I didn't hear words anymore, not a voice to tell me which paths to avoid or which to frolic down in my journey. It was simply assumed that I knew where I was needed to go and how to get there. I stopped in the shadow of a crumbled wreckage of a temple, the markings on it's front unknown. At this point I didn't know that I cared. For once I was doing it my way. Come what may I was going to forego everything I'd been taught and simply run things how I thought that they should be. It wouldn't be forever, but it would be enough to hopefully assuage what I needed to put me back on track. It wasn't as if any of the Gods or Goddesses, the true rulers of Olympus were here to stop me. They were off fighting two more of those Damned Primordial and one could only hope that they had enough juice to at least stand toe to toe if not weaken them enough for the kids with the big guns to come in and demolish them.

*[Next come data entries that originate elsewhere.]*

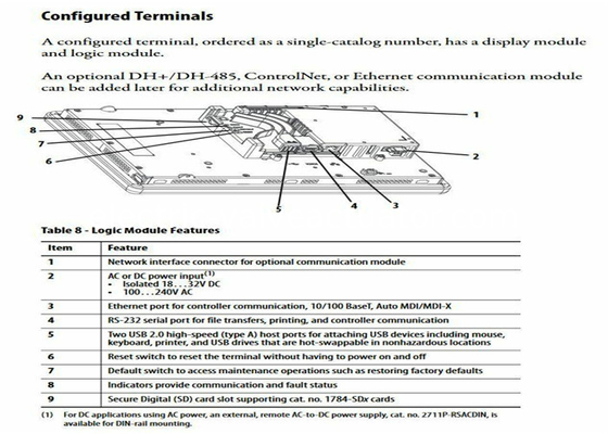 استهلاك الطاقة،DC: | 35W Max ((1.46A عند 24V DC) | الطراز: | 2711P-T7C22D8S |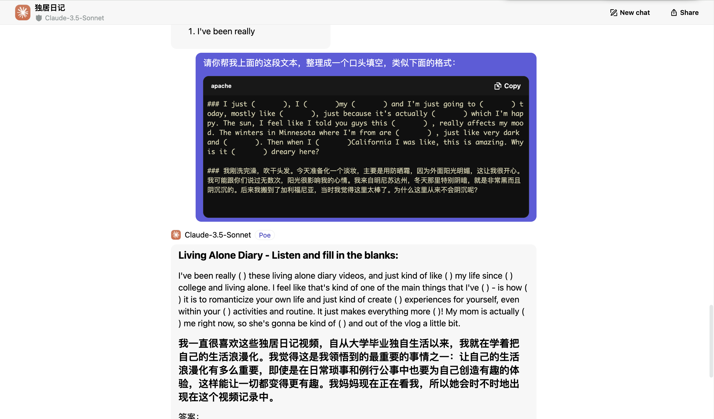 再把AI给到的口头填空的内容,直接放到第3部分就可以了: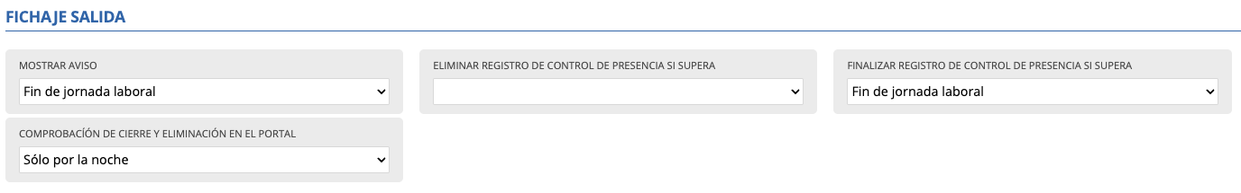 Si el registro de control de presencia no se rellena ni desde el back, ni desde e portal; existe la posibilidad de configurar la hora de cierre. Esto se ejecutará de la siguiente manera: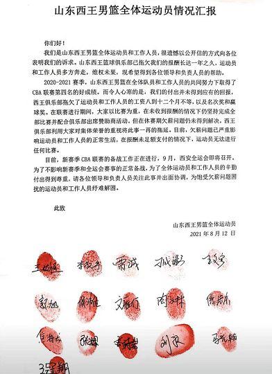 在9月3号,有媒体上传了一张山东男篮多名球员集体讨要薪水的照片。上面有10几位球员的签字和手印,称山东西王已拖欠球员一年的薪水。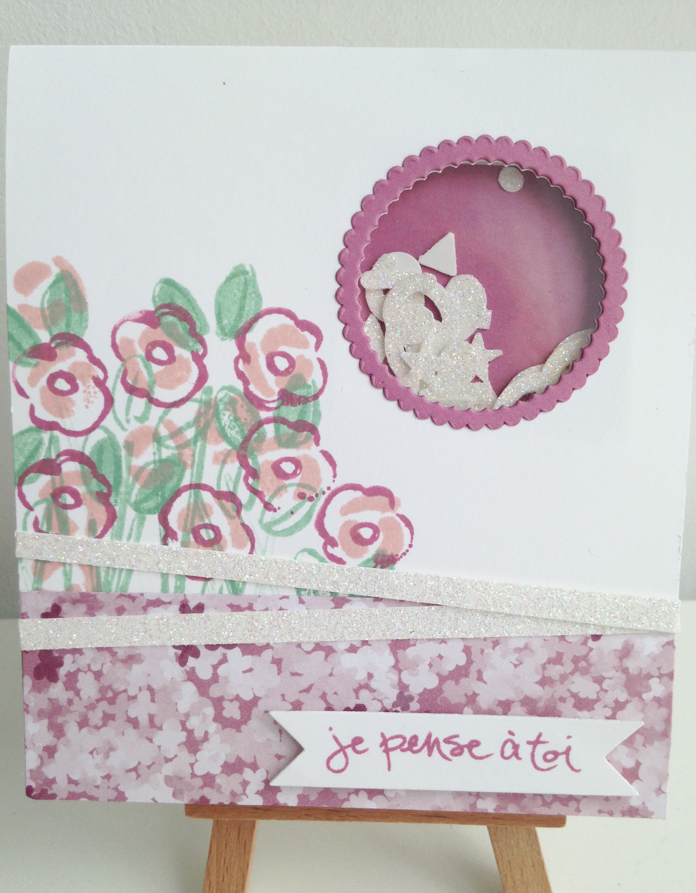 Et la deuxième est sur le même principe mais sans le coté « shaker » juste avec la plus petite fleur du set de tampon « Amour et affection »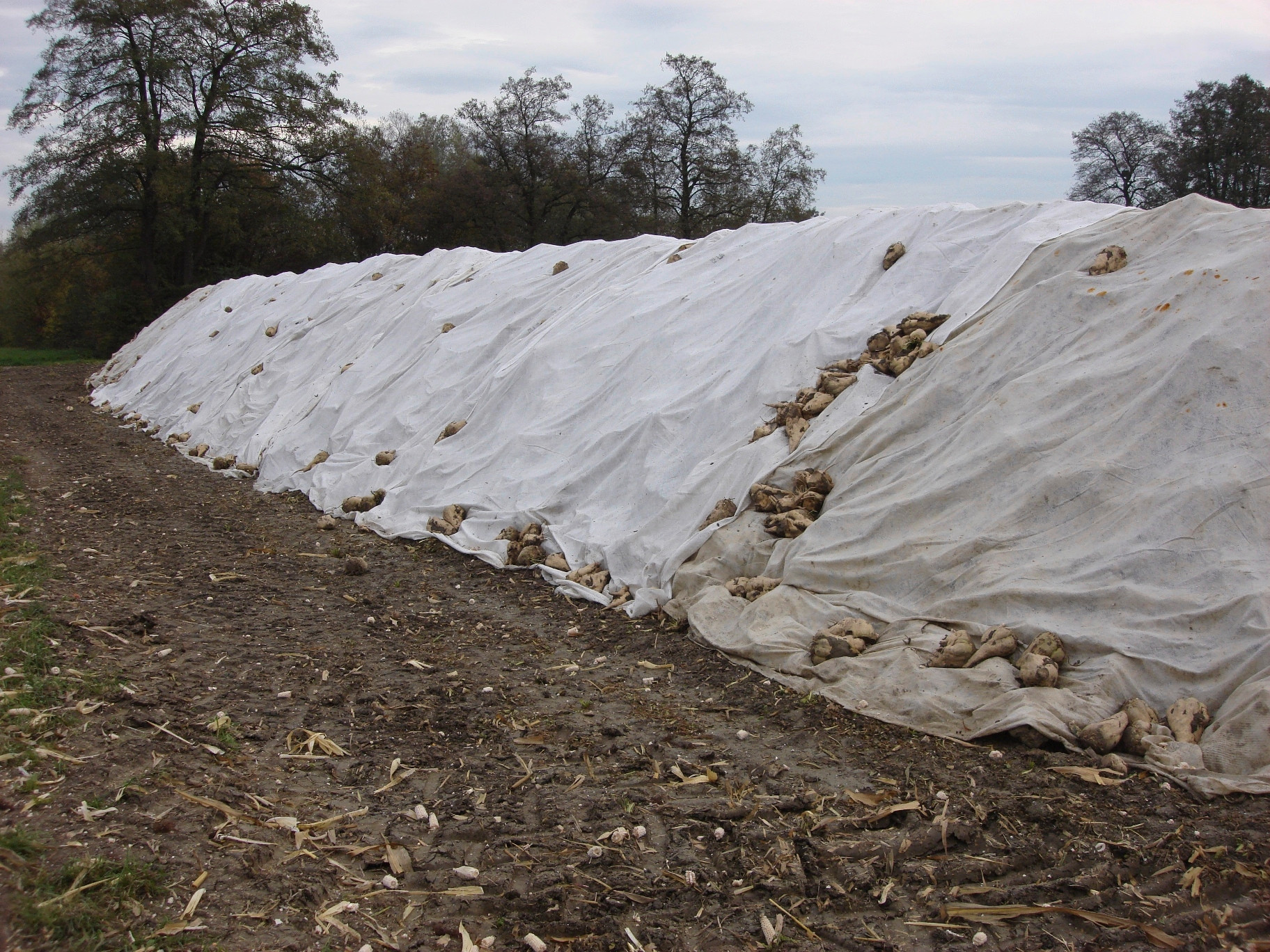 Mit dem Vlies die Rüben vor der Kälte schützen.
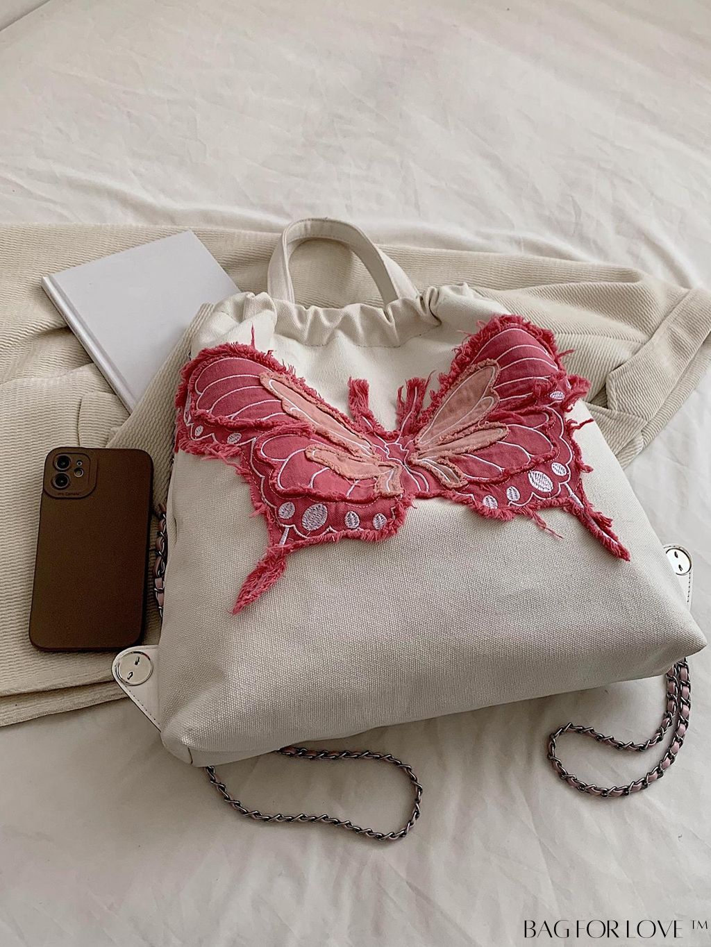 BagForLove - Fashionable Butterfly Patch Decor Drawstring Shopper Bag with Double Handle and Chain - Polyester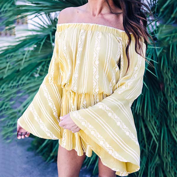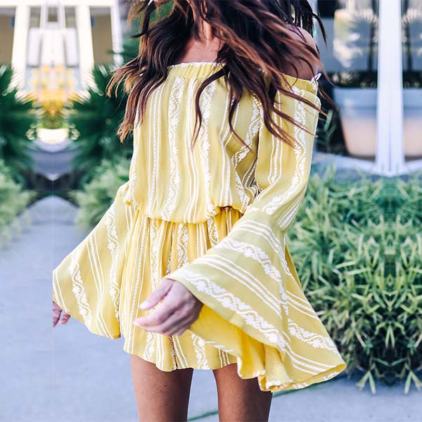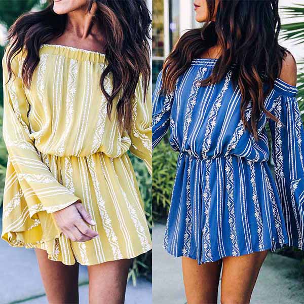 It is styled with ff-shoulder boat neck,trumpet sleeve and an elastic waist,this dress definitely knows how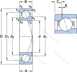 | Номинальная динамическая грузоподъёмность | C | 37.7 | kN | |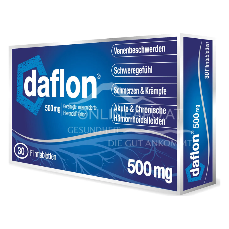 Daflon 500 mg lindert die Beschwerden bei chronischen Venenleiden der Beine, insbesondere Schweregefühl, Schmerzen und nächtliche Wadenkrämpfe.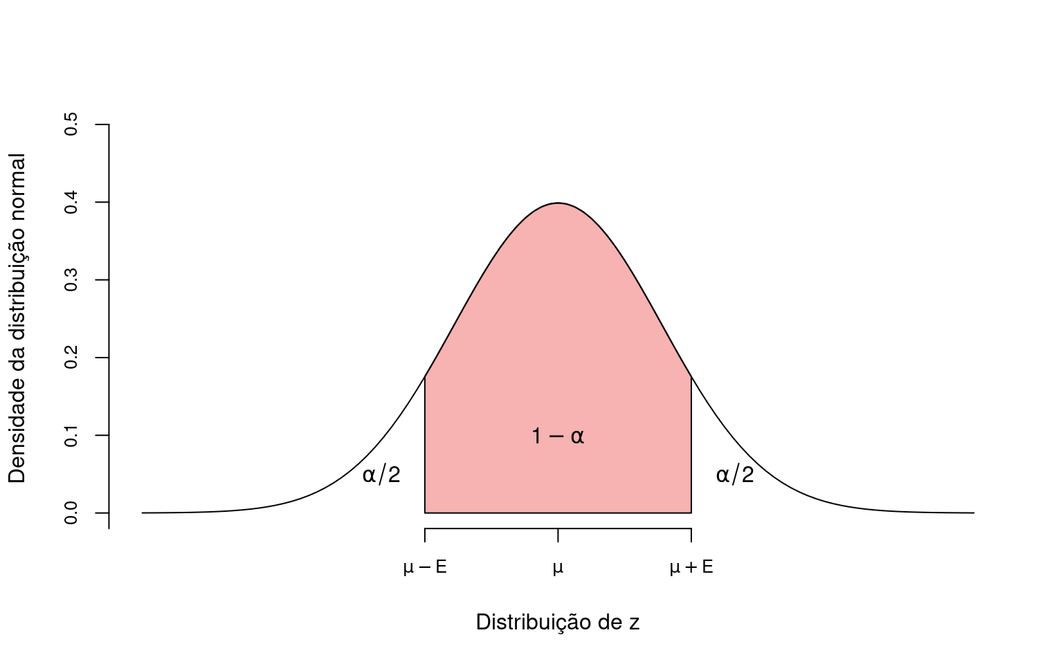 Uma representação esquemática do erro amostral e do nível de confiança na distribuição de \(z\) pode ser vista abaixo: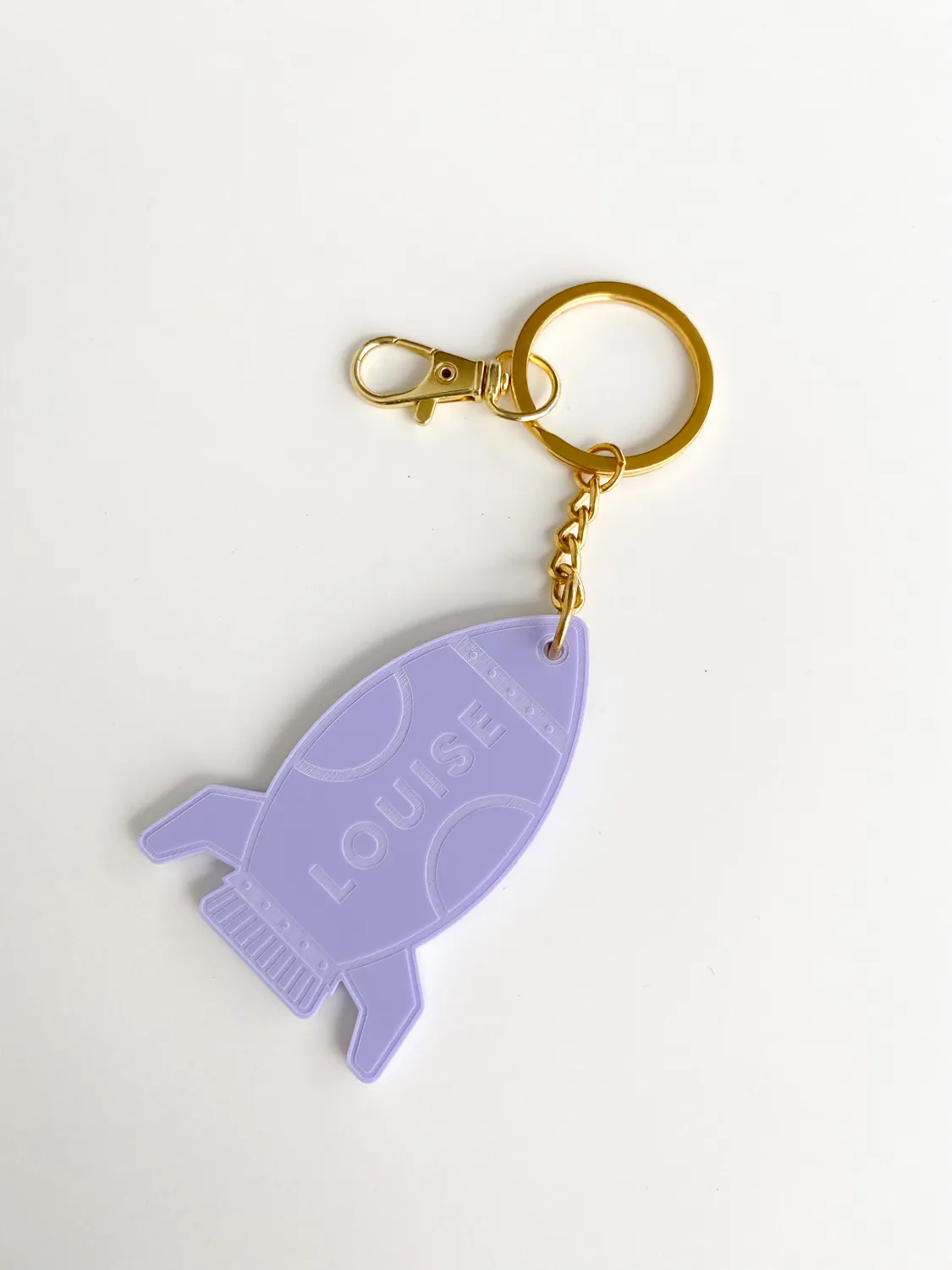 Un porte-clé coloré en forme de Fusée ! C’est certain avec lui vous n’oublierez plus jamais vos clés ! Il est à personnaliser avec un prénom au recto. Vous avez aussi la possibilité de graver un numéro de téléphone ou autre au verso (3 lignes max). Disponible dans les coloris jaune, rose, orange, vert et violet. Délais de fabrication : 2 à 3 jours Livraison : 72h en lettre suivie Matériaux : Acrilyque – anneau en laiton doré Dimensions : 5,5×5 (anneau 3cm Ø)

So I let my eyes bleed over to the mix of colors that they were becoming with each and every new being that I absorbed, every gift that I took in, leaving it's mark on me in one fashion or form. Putting enough distance between myself and where they rested at the moment, I finally came to a stop at a pool that must have at one time been pristine and clear. Taking the time then, I began removing chunks of rubble, filtering out as much of the debris that came along with it as I could. A good couple of hours passed before I was anywhere near done, and even then it still wasn't as clear as I had hoped. It'd have to do. It still reflected enough back at me that I could see my image, even if it was a bit crackly. Still that mark throbbed insistently, growing more annoying by the moment as if someone were watching over my shoulder and saying that I was taking too long.

I didn't know what words to chant, nor if there was a cadence that would make a difference. Then again, what was chanting other than vocalized intent ? Extending both of my hands, I let bare toes brush and dip at the pool, giving as much connection to the liquid as I could without submerging myself completely. Thinking rather than speaking, projecting rather than singing some ancient rhythmic and rhyme, I beckoned the pool to open for me. To show me what it was that I sought to see.